De retour au bout du lac Léman – où il se sent à la maison –, Rootwords décide de concrétiser une idée qu’il avait en tête depuis ses 16 ans: devenir rappeur.

Mais la sage Genève est-elle vraiment la ville adéquate pour développer ce genre de musique? «You know, certains écrivains se réfugient dans des endroits reculés pour trouver l’inspiration. Pour moi, c’est pareil. J’ai justement besoin de ce calme pour que ma créativité s’exprime.»
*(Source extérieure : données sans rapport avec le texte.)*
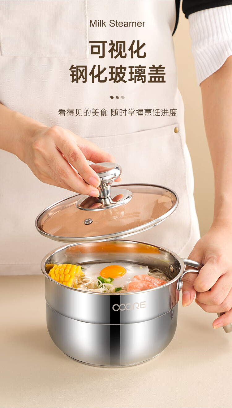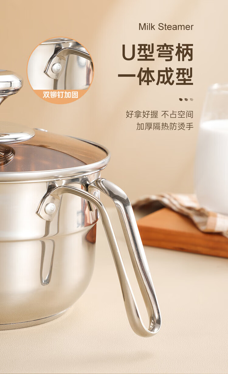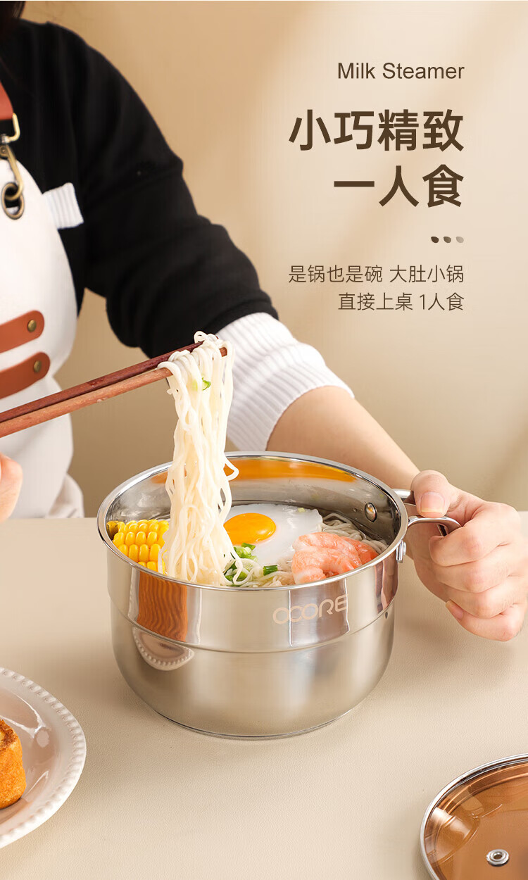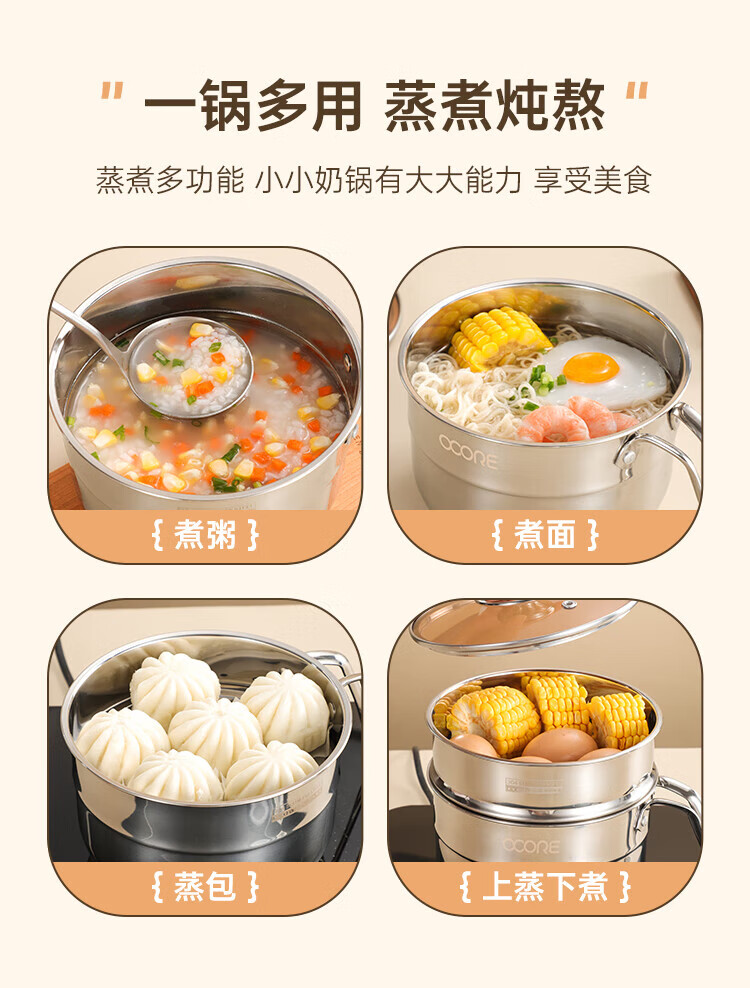 商品名称:(巨邦佑)BJ+物芯质造Smart 304钢U型柄奶蒸锅带蒸格16cm 一锅多用炉具通用

En 2012, après avoir peaufiné ses titres, Rootwords présente son travail à un jury international évaluant chaque année près de huit cents maquettes dans le cadre de la Demotape Clinic du festival M4music. «Les jurés ont été assez cash. Ils m’ont par exemple reproché l’absence de vrai refrain.» Recalé.

Une fois la déception passée, Rootwords se remet à la tâche et se représente l’année suivante à ce même concours. «Le jury est toujours aussi direct, mais cette fois, les critiques étaient positives. On m’a dit que mes textes étaient mieux posés et que ma démo avait un niveau international. Au final, j’ai gagné le premier prix dans la catégorie Urban.»

L’histoire avec le festival ne s’arrête pas là, puisque cette année Rootwords y donnera deux concerts: l’un à Lausanne lors d’un showcase dans les studios de Couleur 3 et l’autre à Zurich. «Ce sont des rendez-vous importants pour moi, car toute la profession sera là.» Il est vrai que Rootwords n’a pas l’intention de s’arrêter en si bon chemin. A suivre donc.